Would you print the data below exactly, leaving out every picture?

= DATASET EXTRACT =
☆ ☆ ☆ ☆ ☆ ☆ ☆
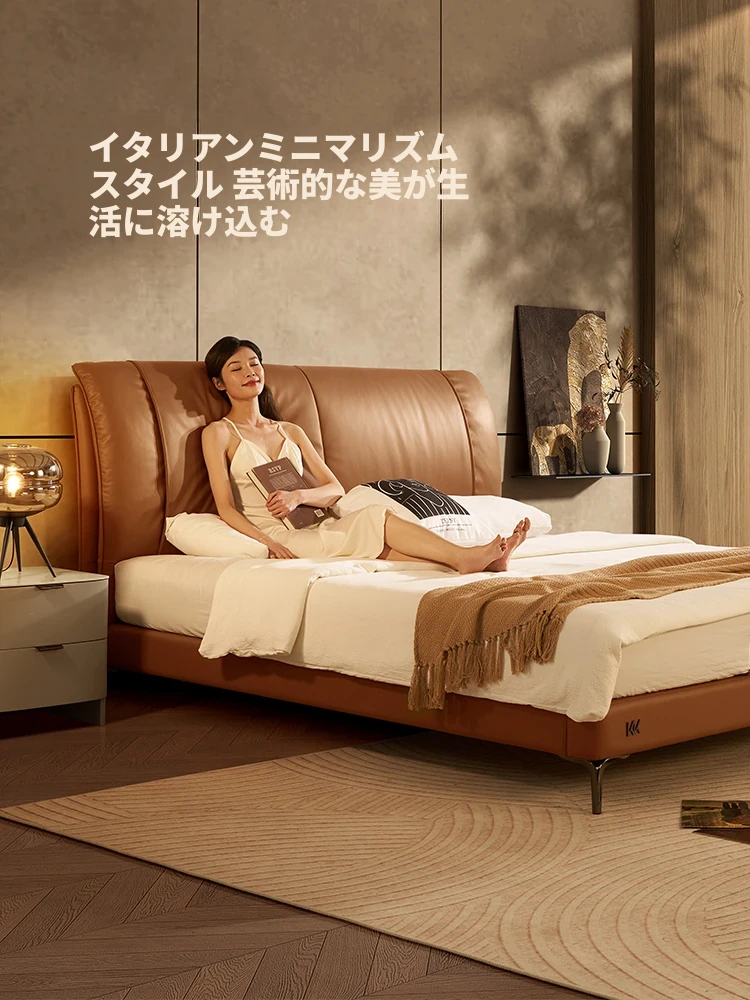 久居ホームのモダンミニマリストイタリアンラグジュアリー:柔らかな一級牛革を使用した腰部サポート機能付き主寝室用ダブルベッド(モデル8301)- 極上の快適さとスタイリッシュなデザインで、あなたの寝室をワンランク上の空間に。
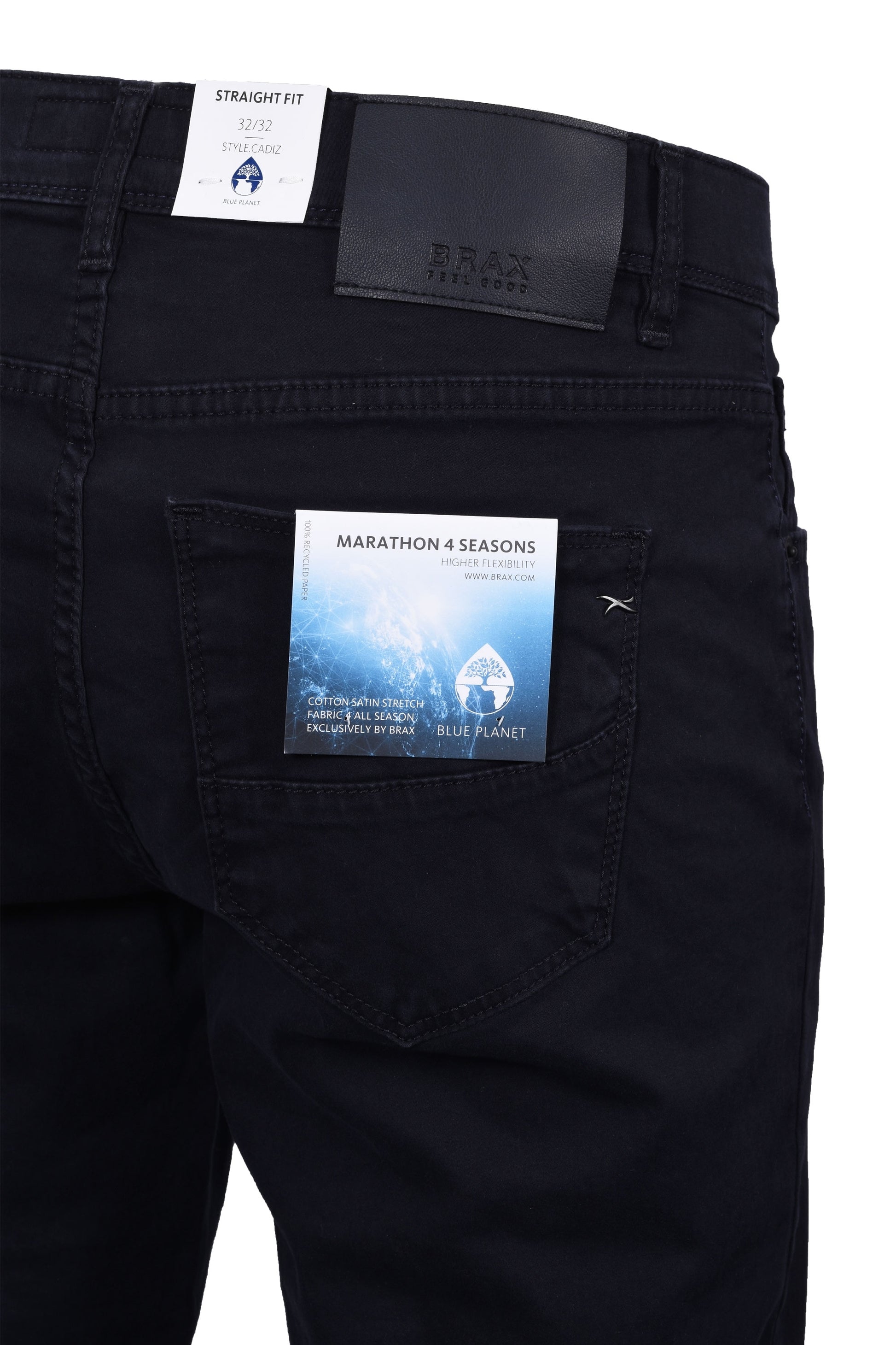 A classic pair of denim by Brax for your everyday wardrobe. The Cadiz are a slim fit straight leg style, coming in a navy colourway these jeans are crafted from an eco-friendly cotton blend for everyday comfort. A five pocket jean featuring signature Brax branding to the waistband and a metallic badge to the back pocket for authenticity.
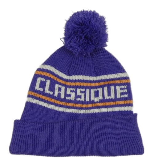 Fialová pletená čapica s nápisom a brmbolcom H&M
☆ ☆ ☆ ☆ ☆ ☆ ☆
= THE COMPLETED TASK =
 久居ホームのモダンミニマリストイタリアンラグジュアリー:柔らかな一級牛革を使用した腰部サポート機能付き主寝室用ダブルベッド(モデル8301)- 極上の快適さとスタイリッシュなデザインで、あなたの寝室をワンランク上の空間に。
 A classic pair of denim by Brax for your everyday wardrobe. The Cadiz are a slim fit straight leg style, coming in a navy colourway these jeans are crafted from an eco-friendly cotton blend for everyday comfort. A five pocket jean featuring signature Brax branding to the waistband and a metallic badge to the back pocket for authenticity.
 Fialová pletená čapica s nápisom a brmbolcom H&M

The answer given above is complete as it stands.